> TASK OBJECTIVE: An exact copy is needed of the lines in the entries below from the line with "在实训开始之前,外国语学院邓" up to and including the line with "产品型号:WM-2000C-GLS 锁体材质:锌合金 锁芯材质:SUS304不锈钢", and of nothing else. Leave the pictures out.

> DATASET ENTRIES:
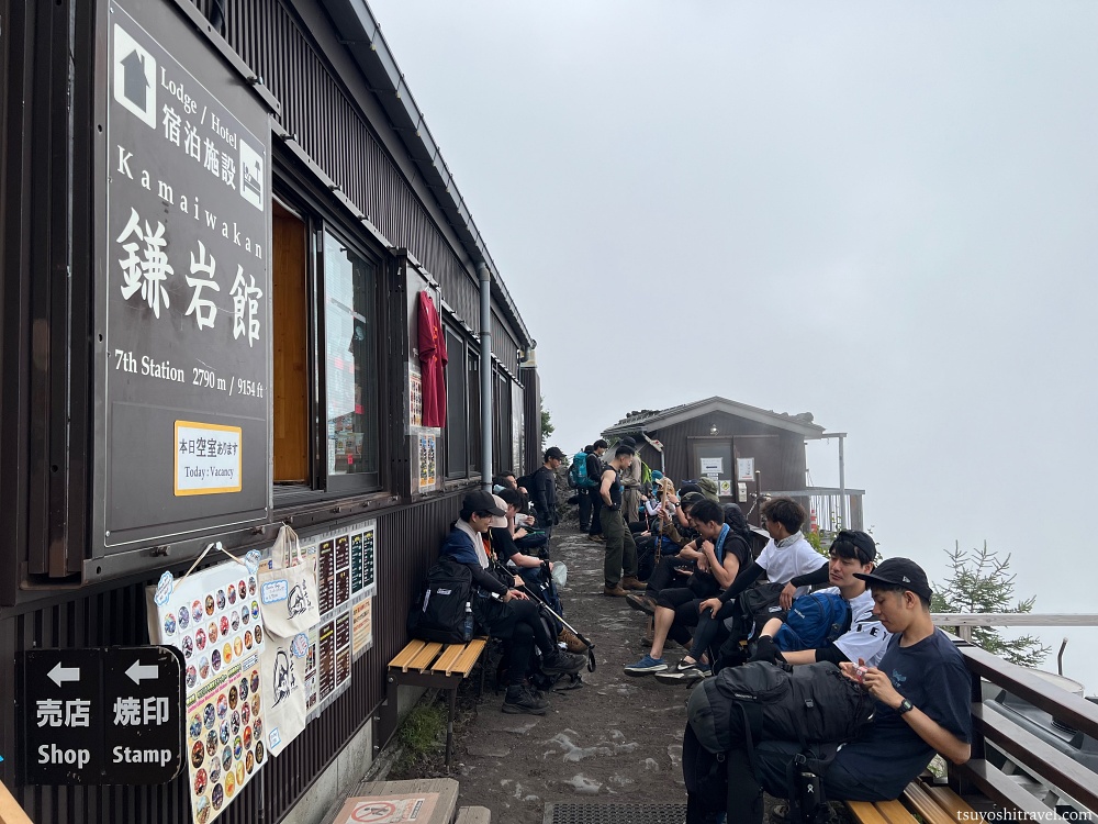 天気の状況を確認すると、山小屋がある7号目付近では、まだ雨は降っておらず、風が強い程度ですが、山頂付近は氷点下の気温で風速は30m/sほどの台風並みの強風が吹いているとのこと。
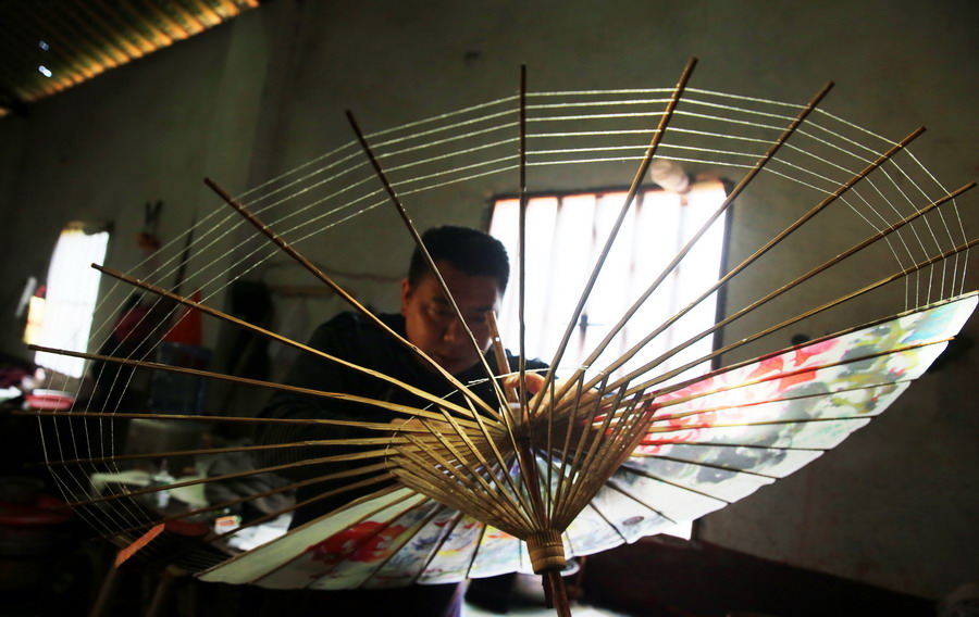 A villager frames the oiled paper umbrella. (Xinhua/Liu Xueyi)
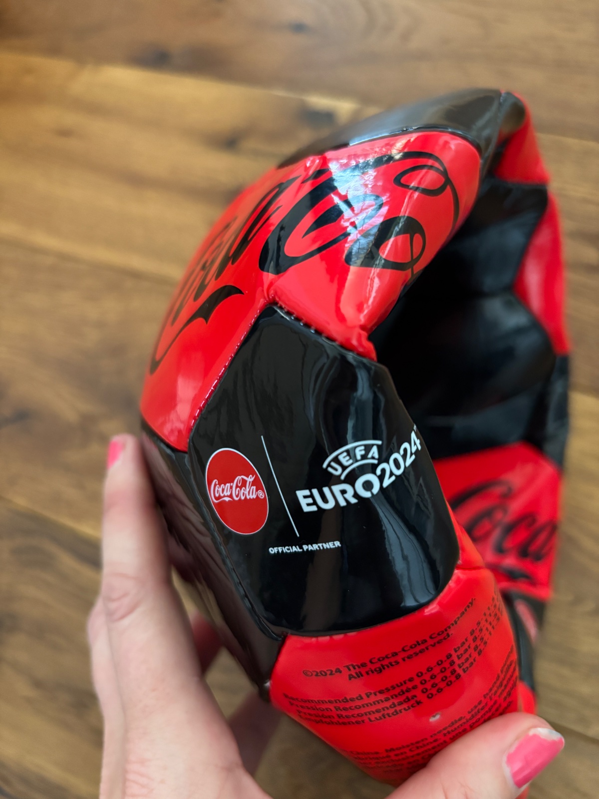 Na predaj nová ešte nenafukana lopta na futba Coca Cola pri príležitosti Euro 2024.
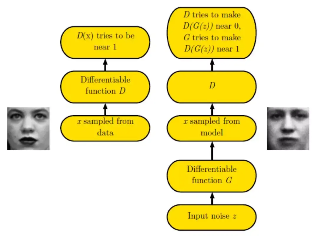 上图中,对于真实的采样数据,通过判别网络后,生成 D(x)。D(x) 的输出是 0-1 范围内的一个实数,用来判断这个图片是一个真实图片的概率是多大。这样对于真实数据,D(x) 越接近 1 越好。对于随机噪声 z,通过生成网络 G 后,G 将这个随机噪声转化为生成数据 x。如果是图片生成问题,G 网络的输出就是一张生成的假图片,用 G(z) 表示。判别模型 D 要使得 D(G(z)) 接近与 0,即能够判断生成的图片是假的;生成模型 G 要使得 D(G(z)) 接近于 1,即要能够要欺骗判别模型,使得 D 认为 G(z) 生成的假数据是真的。这样通过判别模型 D 和生成模型 G 的博弈,使得 D 无法判断一张图片是生成出来的还是真实的而结束。
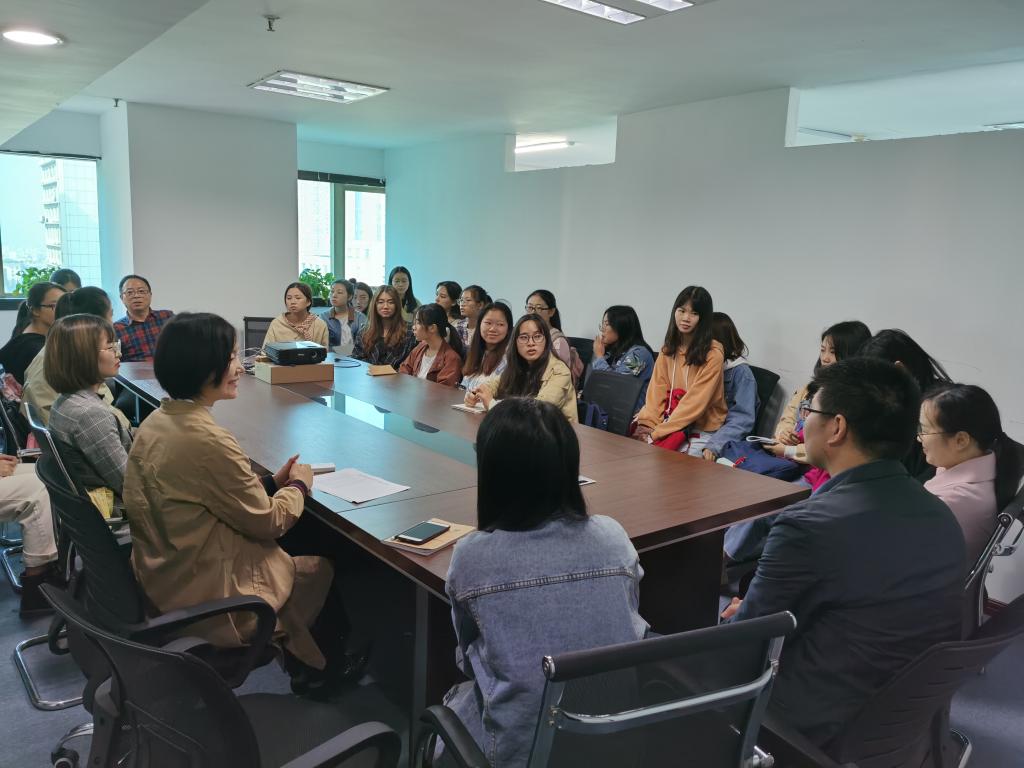 在实训开始之前,外国语学院邓跃平教授与雅瑞思翻译公司总经理叶桂喜、副总经理侯彩云、翻译中心总监李巳荣以及翻译实习相关指导老师进行座谈,就实训工作进行沟通对接。实习生们也参与了此次座谈,认真聆听接下来的实习工作安排和需要注意的事项,并表示对即将进行的翻译实习充满期待。
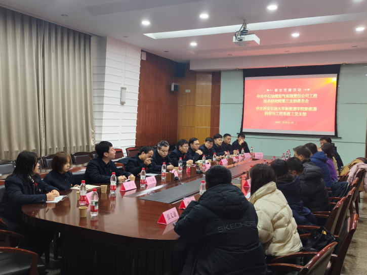 1月29日,中石油煤層氣有限責(zé)任公司工程技術(shù)研究院第三黨支部走進(jìn)校園,與新能源科學(xué)與工程系教工黨支部聯(lián)合開(kāi)展了主題為“黨建引領(lǐng),業(yè)務(wù)互促”的支部共建活動(dòng)。此次活動(dòng)旨在通過(guò)校企深度聯(lián)動(dòng),探索黨建與科研教學(xué)深度融合的新路徑。煤層氣公司工程技術(shù)研究院院長(zhǎng)郝鵬程、一級(jí)工程師孫斌,新能源學(xué)院黨委書(shū)記顏庭星、石油工程學(xué)院副院長(zhǎng)張明、新能源科學(xué)與工程系教工黨支部書(shū)記王洋及雙方黨員代表等20余人參加此次活動(dòng)。
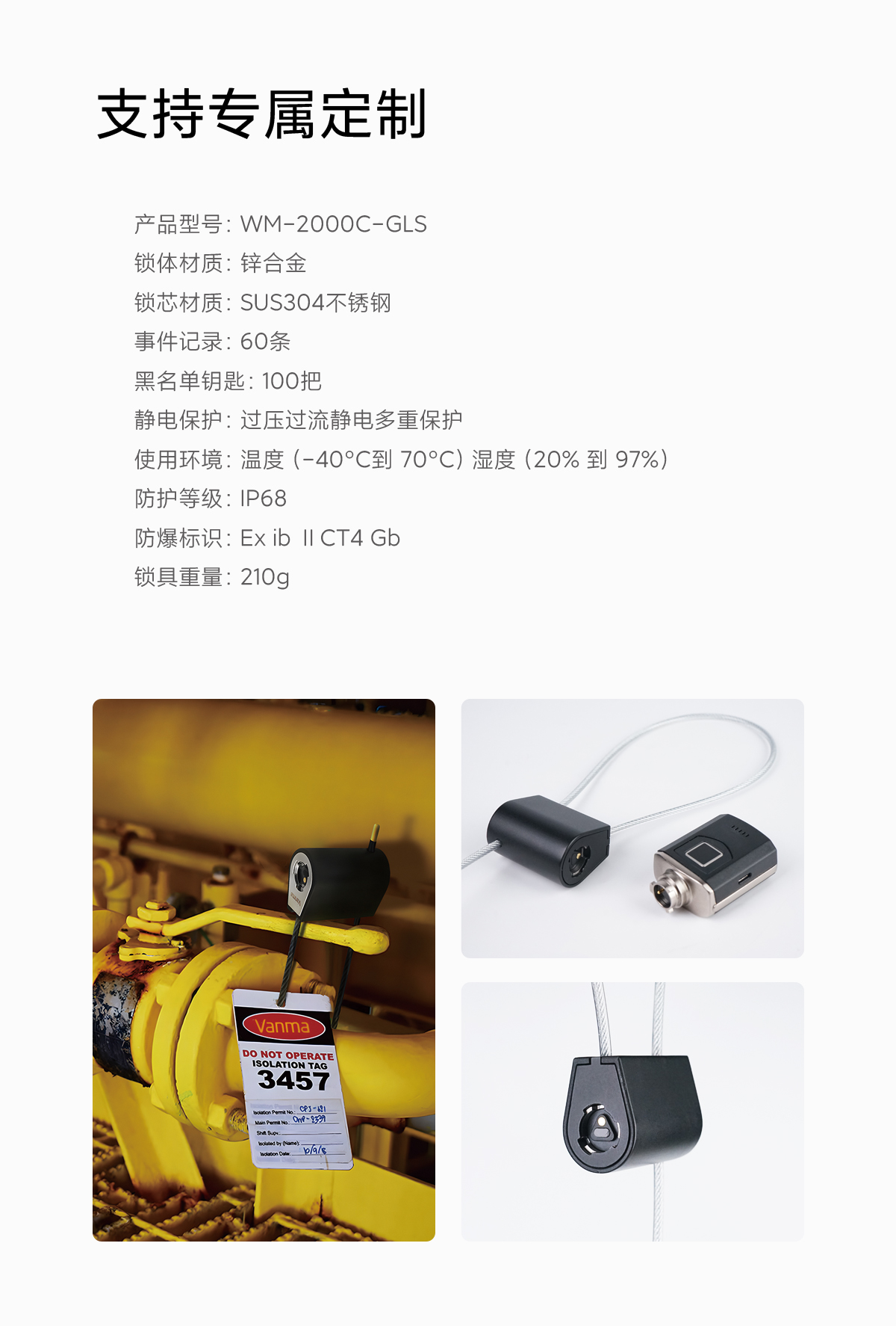 产品型号:WM-2000C-GLS 锁体材质:锌合金 锁芯材质:SUS304不锈钢 事件记录:60条 黑名单数:100把钥匙 静电保护:过压过流静电多重保护 使用环境:温度(-25°C到 70°C)湿度(20% 到 95%) 防护等级:IP68 防爆标识:Ex ib ⅡC T4 Gb 锁具重量:210g
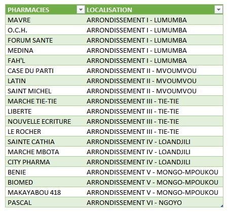 Planning Mensuel Pharmacies de garde à Pointe-noire

> EXERCISE RESPONSE:
 在实训开始之前,外国语学院邓跃平教授与雅瑞思翻译公司总经理叶桂喜、副总经理侯彩云、翻译中心总监李巳荣以及翻译实习相关指导老师进行座谈,就实训工作进行沟通对接。实习生们也参与了此次座谈,认真聆听接下来的实习工作安排和需要注意的事项,并表示对即将进行的翻译实习充满期待。
 1月29日,中石油煤層氣有限責(zé)任公司工程技術(shù)研究院第三黨支部走進(jìn)校園,與新能源科學(xué)與工程系教工黨支部聯(lián)合開(kāi)展了主題為“黨建引領(lǐng),業(yè)務(wù)互促”的支部共建活動(dòng)。此次活動(dòng)旨在通過(guò)校企深度聯(lián)動(dòng),探索黨建與科研教學(xué)深度融合的新路徑。煤層氣公司工程技術(shù)研究院院長(zhǎng)郝鵬程、一級(jí)工程師孫斌,新能源學(xué)院黨委書(shū)記顏庭星、石油工程學(xué)院副院長(zhǎng)張明、新能源科學(xué)與工程系教工黨支部書(shū)記王洋及雙方黨員代表等20余人參加此次活動(dòng)。
 产品型号:WM-2000C-GLS 锁体材质:锌合金 锁芯材质:SUS304不锈钢 事件记录:60条 黑名单数:100把钥匙 静电保护:过压过流静电多重保护 使用环境:温度(-25°C到 70°C)湿度(20% 到 95%) 防护等级:IP68 防爆标识:Ex ib ⅡC T4 Gb 锁具重量:210g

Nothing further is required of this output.